=== INFORMATION GIVEN ===
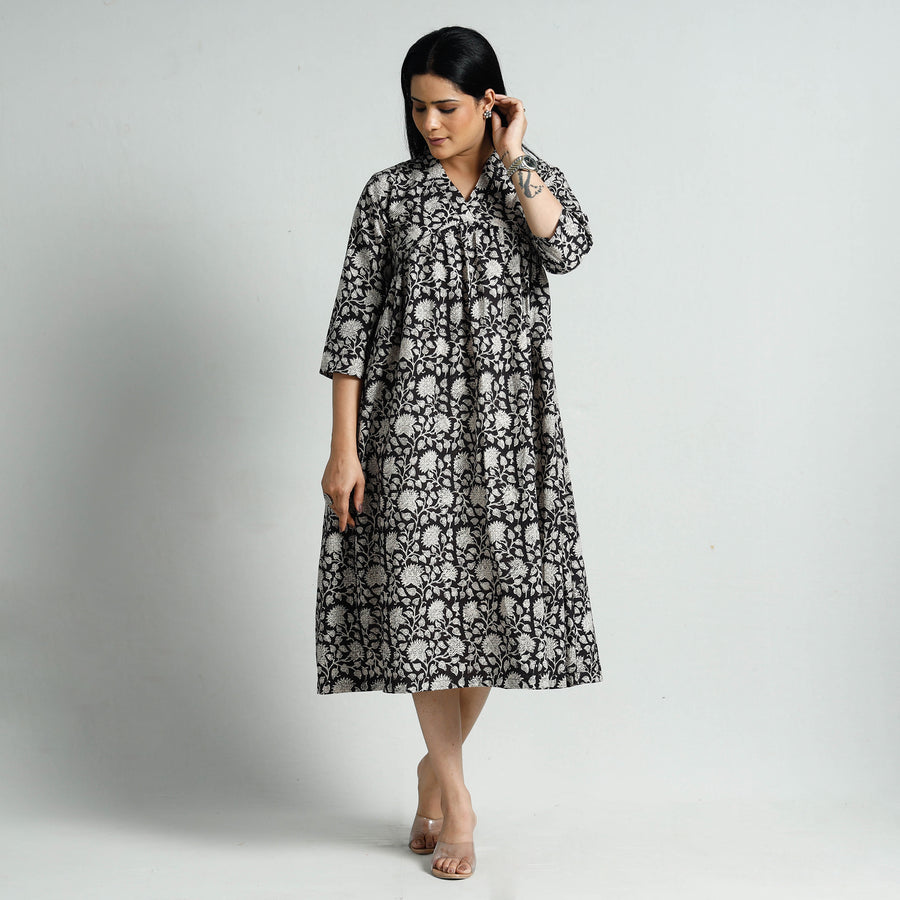 This bagru hand block printed cotton flared dress is a perfect blend of style and comfort. This dress is crafted from naturally dyed cotton fabric through the traditional mud resist process by using hand-carved wooden blocks practised in Bagru, Rajasthan, ensuring a comfortable feel against your skin. This dress features intricate patterns created by hand-carved wooden blocks. This cotton dress makes you comfortable all day long. This dress is perfect for your daily outing and for a special occasion.
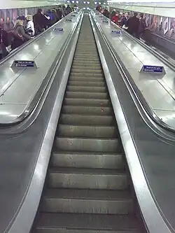 Angel is one of fourteen stations to have only escalator access to the platforms.[17] With a vertical rise of 90 ft (27 m) and a length of 200 ft (61 m), the escalators at Angel station are the longest on the Underground,[12][13] and in the United Kingdom.[18]
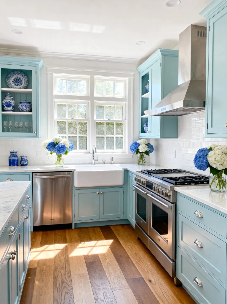 Have you ever walked into a room and felt like you could finally take a deep breath? That’s exactly what’s happening here. This kitchen is like a summer day at the beach, but without the sand in your shoes. Those soft, robin’s-egg blue cabinets are an absolute dream—they’re colorful enough to have a personality but light enough to keep the space feeling open and airy.
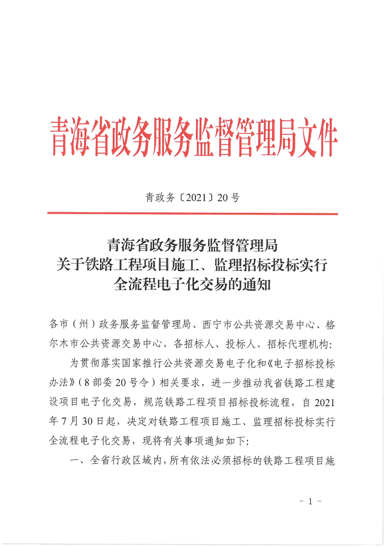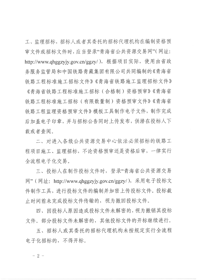 关于铁路工程项目施工、监理招标投标实行全流程电子化交易的通知
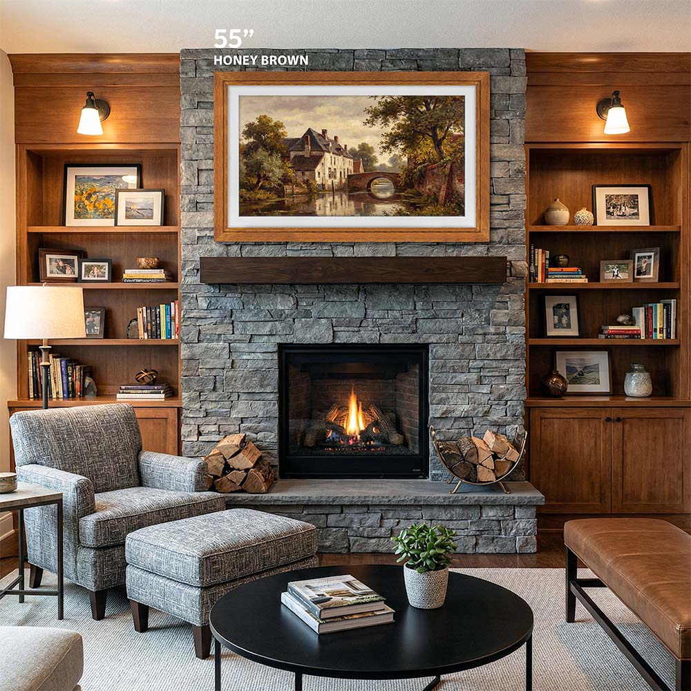 This solid oak TV frame by EventFrame is designed to make your television part of the interior rather than a distraction. Crafted from premium oak veneer and finished with a subtle engraved line detail, it fits naturally into modern, rustic, and classic spaces.
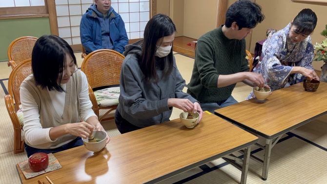 일본어 공부 중간에 학습자들이 차례로 일본식 다다미방에서 다도 체험을 했습니다.
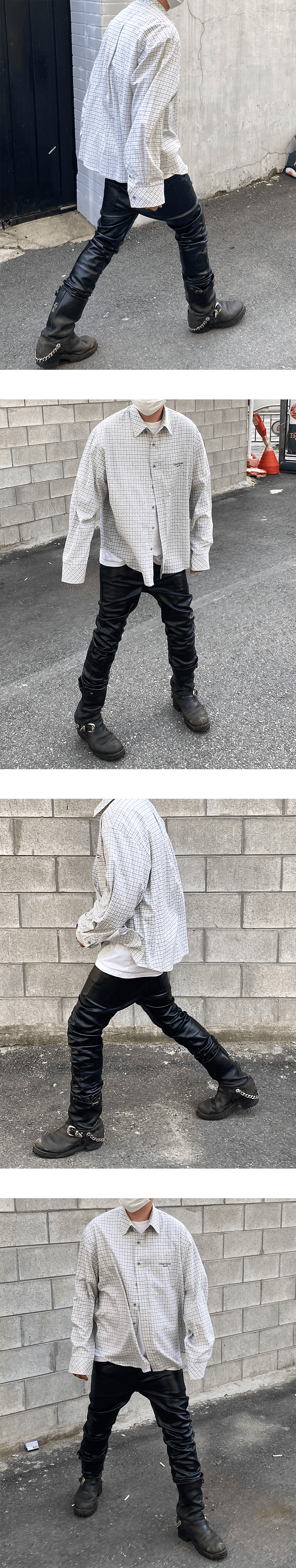 언더마이카 무.34 안티 Fxxking 로고 플레이 베이직 롱 슬리브 체크 셔츠 화이트 그레이
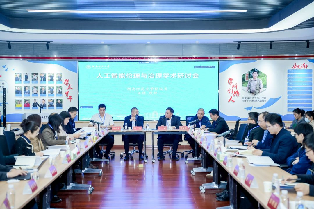 会上9位专家围绕“人工智能伦理与治理”主题进行了多维度的深入探讨。刘高作题为《湖南省科技伦理探索与实践》的报告;国防科技大学杨爱华教授作题为《正义战争伦理视域下无人作战系统对战争伦理的冲击》的报告;大连理工大学李伦教授作题为《人工智能社会实验及其伦理规范》的报告;湖南省社会科学院宋春艳副研究员作题为《人机融合智能的自我意识与交互主体性》的报告;商汤智能产业研究院田丰院长作题为《AIGC治理与风险管理体系》的报告;长沙通诺信息科技公司万龙总经理作题为《科技伦理治理:从理念到落地》的报告;电子科技大学雷瑞鹏教授作题为《人工智能伦理与治理》的报告;湖南大学谭海波教授作题为《全球人工智能风险治理的政策文本分析》的报告;我校毛新志教授作题为《人工智能价值对齐的伦理动因》的报告。
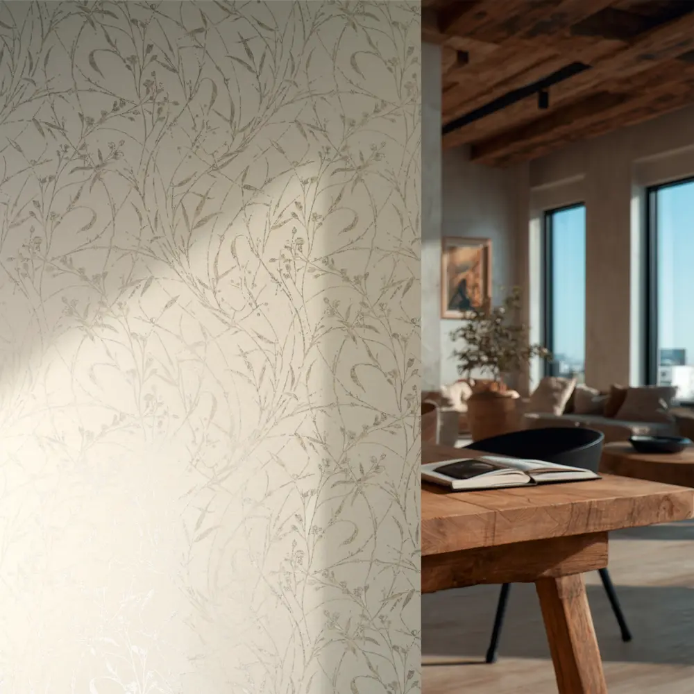 Die Tapete überzeugt mit einem edlen Wechselspiel aus matten und dezent glänzenden Partien sowie einer leicht strukturierten Haptik. So entsteht eine lebendige, zugleich zurückhaltende Wandgestaltung, die je nach Lichteinfall angenehm variiert. Die gute Lichtbeständigkeit unterstützt eine dauerhaft schöne Farbwirkung.
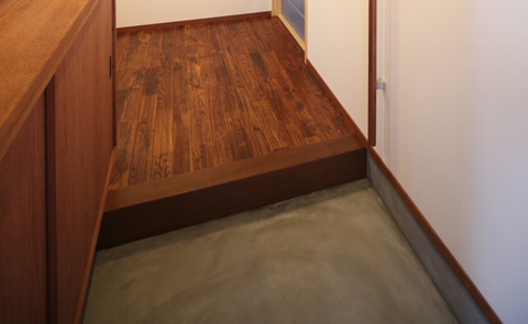 玄関土間床ってタイル貼り仕上げにする場合がほとんどですよね。でも、いわゆるデザイナーズ住宅や、シンプルデザインの家では、玄関の仕上げをモルタル塗りにすることが多々あります。
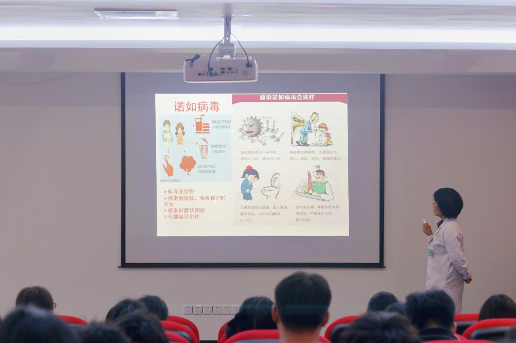 徐莉首先介绍了传染病的相关特点和基本知识,详细介绍了春季流行性感冒、水痘、肺结核、流行性腮腺炎、诺如病毒感染性腹泻等几个常见传染病的病因、发生机理、传播途径和临床表现,并着重讲解了预防和治疗手段。
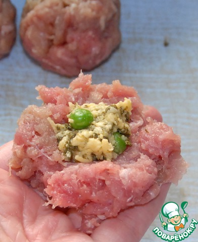 100г сыра натираем на мелкой терке, щавель размораживаем отжимаем и перемешиваем с сыром, добавляем горсть зеленого горошка и перемешиваем еще раз. Из фарша делаем лепешку кладем немного сырной массы в середину и формируем шарик с начинкой внутри. (не стоит делать шарики слишком большими оптимальный размер с грецкий орех)
===
→ **EXERCISE GOAL**:
Please set down each entry word for word, without its images.

→ **WRITTEN SOLUTION**:
 This bagru hand block printed cotton flared dress is a perfect blend of style and comfort. This dress is crafted from naturally dyed cotton fabric through the traditional mud resist process by using hand-carved wooden blocks practised in Bagru, Rajasthan, ensuring a comfortable feel against your skin. This dress features intricate patterns created by hand-carved wooden blocks. This cotton dress makes you comfortable all day long. This dress is perfect for your daily outing and for a special occasion.
 Angel is one of fourteen stations to have only escalator access to the platforms.[17] With a vertical rise of 90 ft (27 m) and a length of 200 ft (61 m), the escalators at Angel station are the longest on the Underground,[12][13] and in the United Kingdom.[18]
 Have you ever walked into a room and felt like you could finally take a deep breath? That’s exactly what’s happening here. This kitchen is like a summer day at the beach, but without the sand in your shoes. Those soft, robin’s-egg blue cabinets are an absolute dream—they’re colorful enough to have a personality but light enough to keep the space feeling open and airy.
 关于铁路工程项目施工、监理招标投标实行全流程电子化交易的通知
 This solid oak TV frame by EventFrame is designed to make your television part of the interior rather than a distraction. Crafted from premium oak veneer and finished with a subtle engraved line detail, it fits naturally into modern, rustic, and classic spaces.
 일본어 공부 중간에 학습자들이 차례로 일본식 다다미방에서 다도 체험을 했습니다.
 언더마이카 무.34 안티 Fxxking 로고 플레이 베이직 롱 슬리브 체크 셔츠 화이트 그레이
 会上9位专家围绕“人工智能伦理与治理”主题进行了多维度的深入探讨。刘高作题为《湖南省科技伦理探索与实践》的报告;国防科技大学杨爱华教授作题为《正义战争伦理视域下无人作战系统对战争伦理的冲击》的报告;大连理工大学李伦教授作题为《人工智能社会实验及其伦理规范》的报告;湖南省社会科学院宋春艳副研究员作题为《人机融合智能的自我意识与交互主体性》的报告;商汤智能产业研究院田丰院长作题为《AIGC治理与风险管理体系》的报告;长沙通诺信息科技公司万龙总经理作题为《科技伦理治理:从理念到落地》的报告;电子科技大学雷瑞鹏教授作题为《人工智能伦理与治理》的报告;湖南大学谭海波教授作题为《全球人工智能风险治理的政策文本分析》的报告;我校毛新志教授作题为《人工智能价值对齐的伦理动因》的报告。
 Die Tapete überzeugt mit einem edlen Wechselspiel aus matten und dezent glänzenden Partien sowie einer leicht strukturierten Haptik. So entsteht eine lebendige, zugleich zurückhaltende Wandgestaltung, die je nach Lichteinfall angenehm variiert. Die gute Lichtbeständigkeit unterstützt eine dauerhaft schöne Farbwirkung.
 玄関土間床ってタイル貼り仕上げにする場合がほとんどですよね。でも、いわゆるデザイナーズ住宅や、シンプルデザインの家では、玄関の仕上げをモルタル塗りにすることが多々あります。
 徐莉首先介绍了传染病的相关特点和基本知识,详细介绍了春季流行性感冒、水痘、肺结核、流行性腮腺炎、诺如病毒感染性腹泻等几个常见传染病的病因、发生机理、传播途径和临床表现,并着重讲解了预防和治疗手段。
 100г сыра натираем на мелкой терке, щавель размораживаем отжимаем и перемешиваем с сыром, добавляем горсть зеленого горошка и перемешиваем еще раз. Из фарша делаем лепешку кладем немного сырной массы в середину и формируем шарик с начинкой внутри. (не стоит делать шарики слишком большими оптимальный размер с грецкий орех)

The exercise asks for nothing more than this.